Everyone should just be happy Michalek can still eat solid food after that Brenden Morrow hit. As for Cheechoo, he could no doubt bring back something substantial ... as long as opposing general managers don't have access to his postseason stats.

or as long as opposing general managers see the upside Chechoo has, and see their ability to pull it forward in their system. The same exact comment could have been made a year ago about, say, Mike Ribiero in Dallas, no?

And both Michalek and Cheechoo could continue to mature and bloom in San Jose, too. I certainly don't want to see both leave. I'd personally not want to see either leave. But if (as people keep saying, and I don't really disagree) there's a chemistry issue, or a "not clicking" issue among the forwards, then things need to get shuffled; and you don't five a problem with the top six forwards by trading a fourth liner.
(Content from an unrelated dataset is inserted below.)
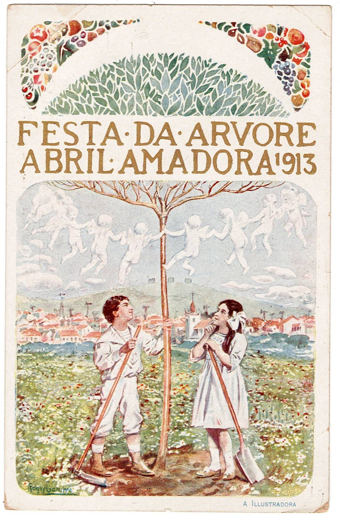 Illustrated Postcards. Polychromatic postcard AMADORA, Watercolor by Roque Gameiro, 1913, "Tree

These are bold and clearly controversial moves -- but if the answer was simple and easy, it'd have been done by now.

I see there are two answers here: leave it alone and expect the team to work itself out, or do something significant to shake it up. Any middle ground is likely to do more harm than good.

A good argument could be made for leaving it alone: the 20 game streak at the end of the season, the key 7th game win against calgary, the comeback against Dallas from 0-3 to the fourth overtime loss in game 6. Those are significant proof points that this team isn't broken.

Yet -- if the goal is to win the stanley cup, I'm just not convinced leaving it alone is enough to get there, not because this isn't a hell of a team, but because it's been shown there are a number of other teams in the league that are also hell of a team (Dallas, Detroit, don't count out Anaheim next year -- just in the west). They aren't going to make it any easier in future years, so if you really want to step past them, you aren't going to do it with baby steps.